I hate how father’s day is a national excuse for everyone to look at black men and talk about how fucked up they are. It’s a day where everyone gets the green light to shit on black people. What’s doubly frustrating is how many black people line up to join the party. The idea of the absentee black father is used to help perpetuate so many other myths about black people, and yet so few people fight against it. It gets worse the longer the war on drugs goes on, the more school funding gets cut, the farther gentrification goes on, the bigger private prisons get, the more police brutatilty goes unchecked and the more our society decides to pretend like racism doesn’t exist anymore. This goes hand in hand with welfare queen myths and the idea that gangs are raising black kids to be violent monsters from the time they pop out their crack head moms. It’s all related, and talking shit about black dudes is not helping even in the slightest.
Yeah, I know your dad wasn’t any good, and I’m not telling you to celebrate him. What I’m saying is that your continual anti-father stance is bullshit and fucked up. This continual narrative of how terrible all these guys are needs to stop. Know what? Black men don’t need to stand up and take accountability. They’re doing that. The world is littered with black fathers doing big things.
I don’t celebrate father’s day because I appreciate my dad all the time. I spend a lot of my time talking about how great he is and good a job he does, because he is a reflection on all black fathers. Anything that happens in my life can be tied back to my parents. All the things I do end up reflecting on whether or not my dad taught me to be a good enough man or not. It all reflects on whether or not he set a good enough example for me.
So yes, I do resent your jokes about black men not being good fathers. I resent you painting my father as some sort of plague on society. I’m tired of him not getting the credit for the job he’s done despite the circumstance. I’m sorry yours wasn’t as good, but I won’t let you drag mine down. He’s had to work too hard to let you say anything about him being worthless. He’s done too many good things for my life for me to not, at least, write this rebuttal to all the stupid articles saying how he needs to do more. Why can’t he be the face of black fatherhood instead of whatever bullshit image you try to pull up? Why not any of my three living grandfather’s who have had to struggle through so much garbage this stupid country threw and continues to throw at them to be the men they are?

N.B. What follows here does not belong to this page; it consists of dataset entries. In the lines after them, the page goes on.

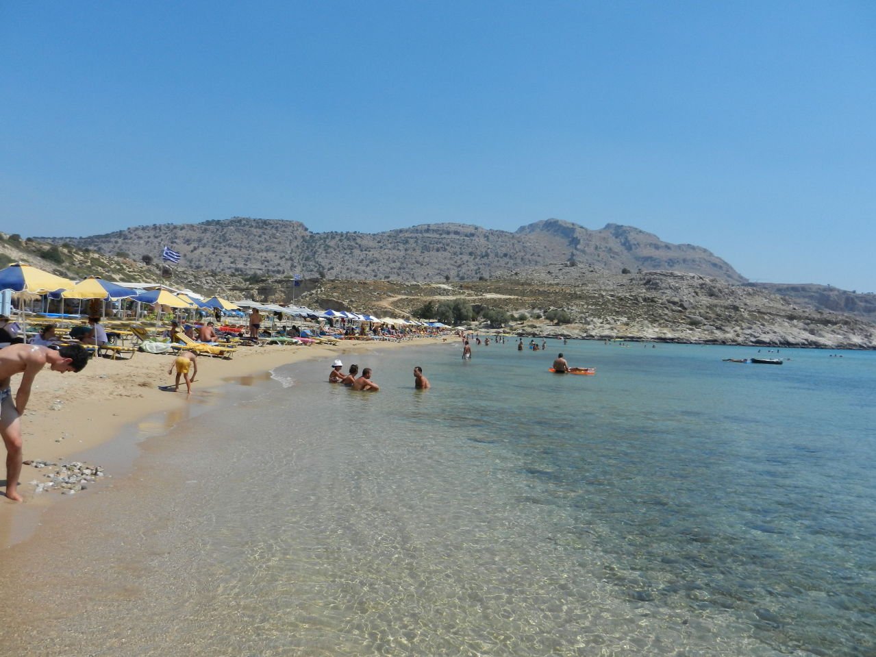 The main area of the beach is rocky, but there is a small sandy area a little to the side. Crystal clear water, easy access to the water, no waves or wind – in short, this is another best beach on the map of Rhodes, offering a relaxing holiday.
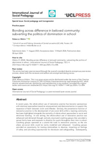 In recent years, the whole-school use of restorative practice has become synonymous with relational approaches based on empowerment and democratisation to support the reparation of harm between victim and offender. Similarly, the preventative function of restorative practice to the development of pro-social skills within a learning community has been highlighted alongside the centrality of whole-school approaches to social and emotional learning. In one setting, the whole-school use of restorative practice was enhanced and delivered through vertically structured coaching groups that provided a secure family base and exposure to diversity for pupils throughout their time in school. Coaching groups operated as a plumb-line back to restorative practice, as the site where pro-social skills could be tacitly modelled and rehearsed. Coaching groups provided an opportunity for trusting relationships to develop, impacting on feelings of safety and providing opportunities for disclosure and safeguarding. Subsequently, collective responsibility for behaviour was supported, creating a distributed network of relational accountability and transforming how sanctions were administered, to create a non-hierarchical and relational system of discipline. This relates to transgressive forms of education and a socially orientated pedagogy, emphasising accountability alongside a whole-school ethos of care. Responsibility for behaviour is reframed from a singular to a collective pursuit, where relational responsibility eschews the alienating effect of individual notions of blame. Ultimately, this transformation subverted the classroom’s politics of domination, allowing perceptions of learning and conflict to become entirely reframed.
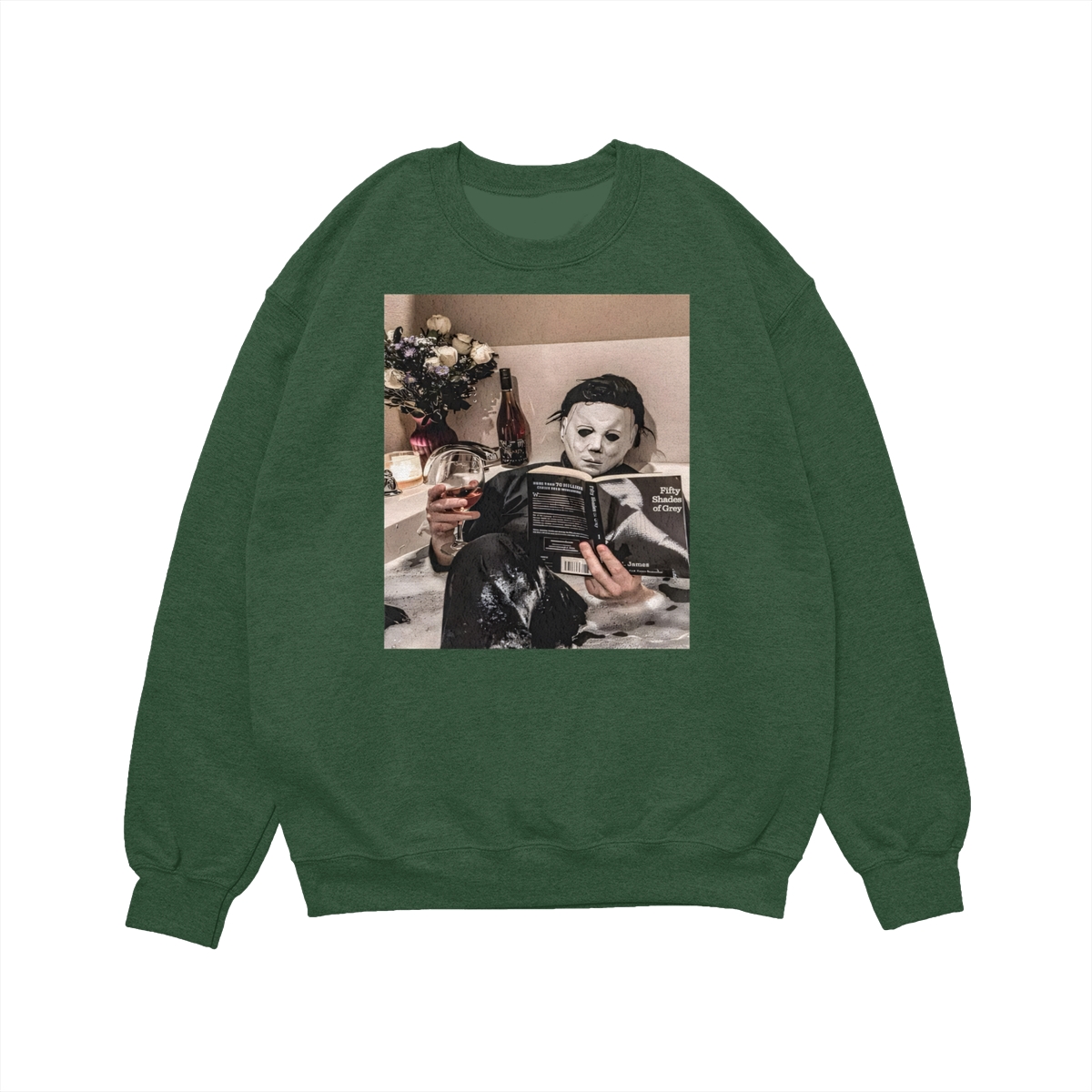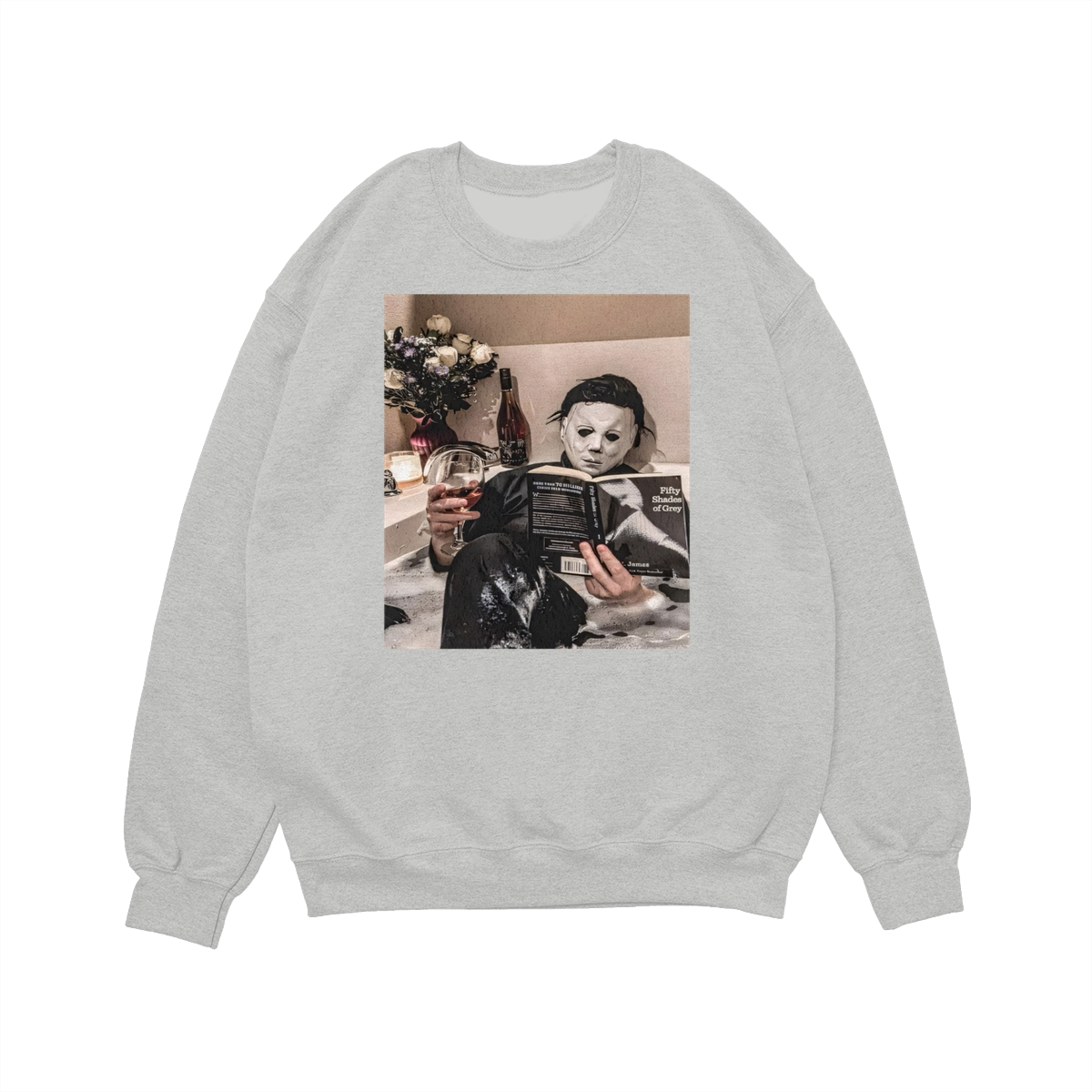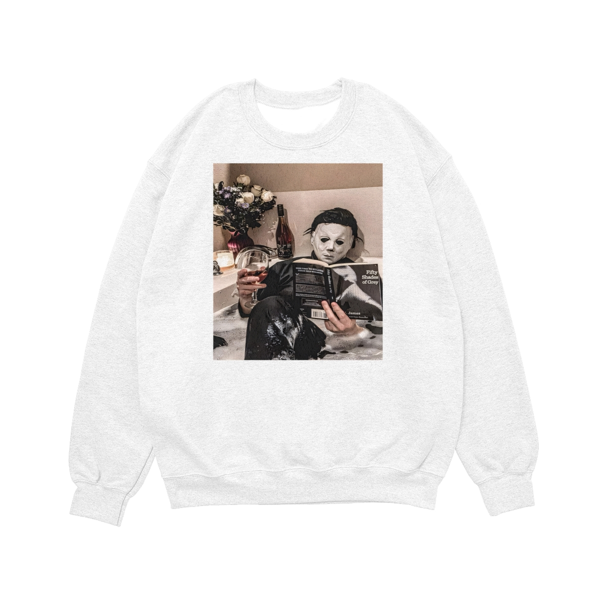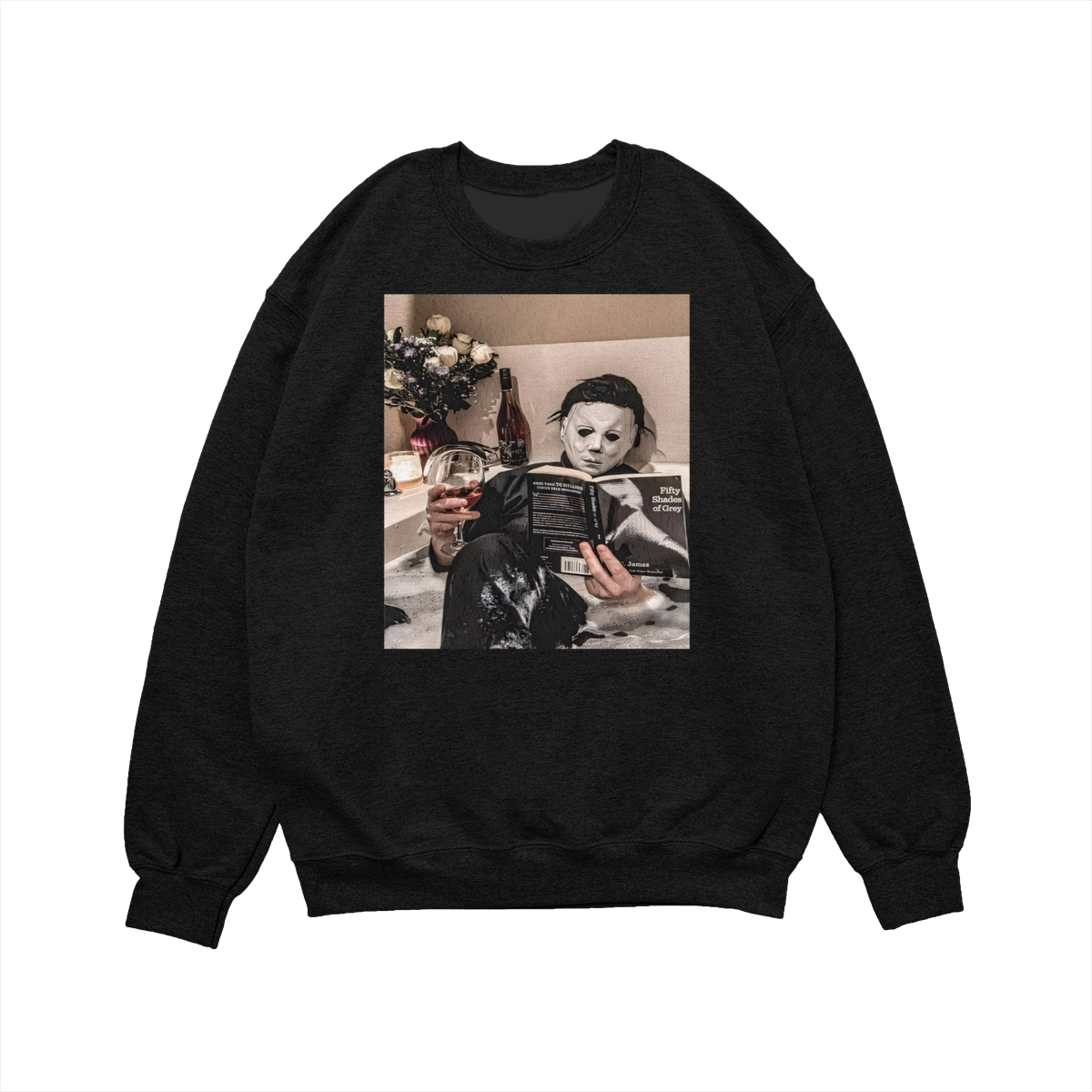 Funny Halloween TShirt/Sweatshirt/Hoodie – Michael Myers Relaxing in Bathtub with Wine & Book Graphic, Cozy Spooky Season Unisex Crewneck for Horror Fans
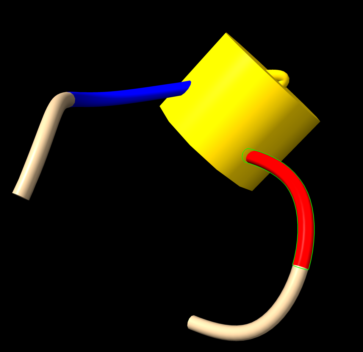 Thanks for showing what PyMol does with cylinder helices. From your image it appears the PyMol does not connect to the center of the cylinder end ever. Instead I bet it connects to the terminal CA at the end of the helix. So it always shows the coil entering the side of the cylinder. When I was working on ribbons I was surprised that our coils try to connect to the center of the end cap, and thought connecting to the terminal CA was more geometrically correct. But I did not want to change it since I was only working on optimization. Maybe the aesthetics of connecting to the center of the end cap are better? What do you think?
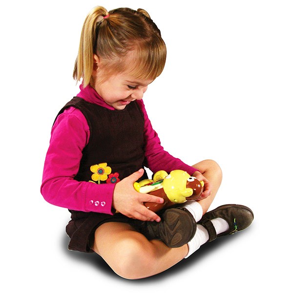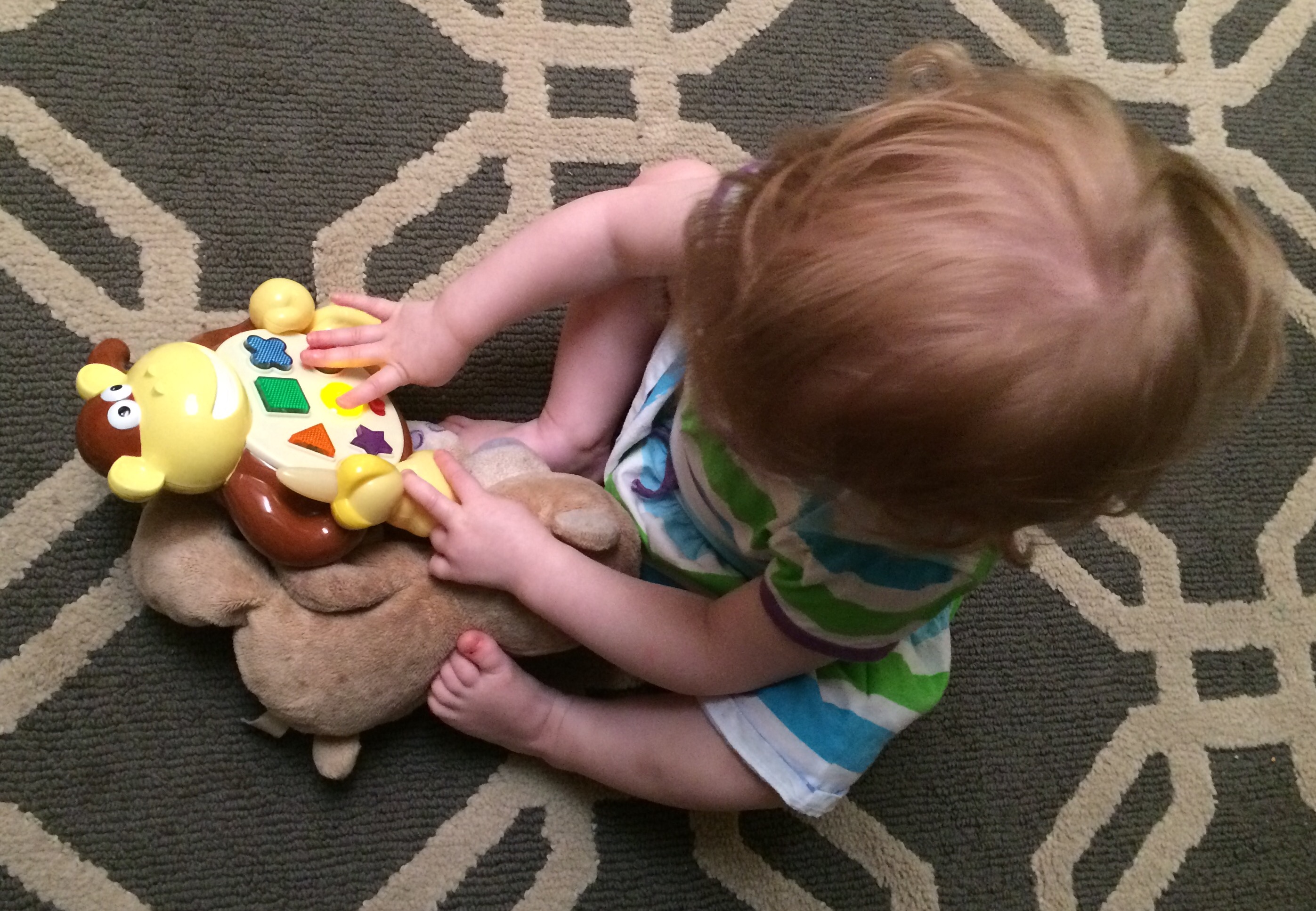 The Early Learning Colors and Shapes Monkey is a talking colorful toy narrated by an adorable monkey that Brie just loves. When you put Mr. Monkey in an on position in one of the two modes, he will talk to your child when they press each button. There is a mode for ‘shapes and colors’ and a mode for ‘play’, so when your child presses on a specific shape/color, they get to hear the name. Over. And Over. And Over. You will start to hear this little monkey’s voice in your sleep, but it is well worth the time and interaction your child has with learning from repeating the names. In the ‘play’ mode, the monkey will play different kid-friendly melodies and light up when each button is pressed. Brie loves that the buttons flash so she is enticed to keep playing. The Monkey requires two AA batteries and to cut down on energy drain, the Colors & Shapes Monkey also has a built-in auto shut-off. Awesome toy for children ages eighteen months and up.
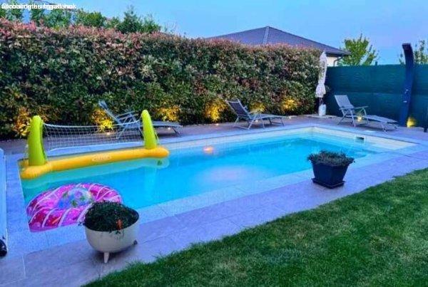 gondozott, élhető kis udvarral, 6x4 méteres fűthető udvari medencével, automata

Sure your ain’t shit dad may be a problem, but it’s a systematic problem that can’t even begin to be fixed until we handle some larger societal problems first. Know what isn’t helping to fix any of those problems. You consistently talking shit about black fathers and the state of black fatherhood. So sincerely, on behalf of the millions of black fathers out here just thoroughly kicking ass, shut the fuck up. I just don’t want to hear anything from you right now.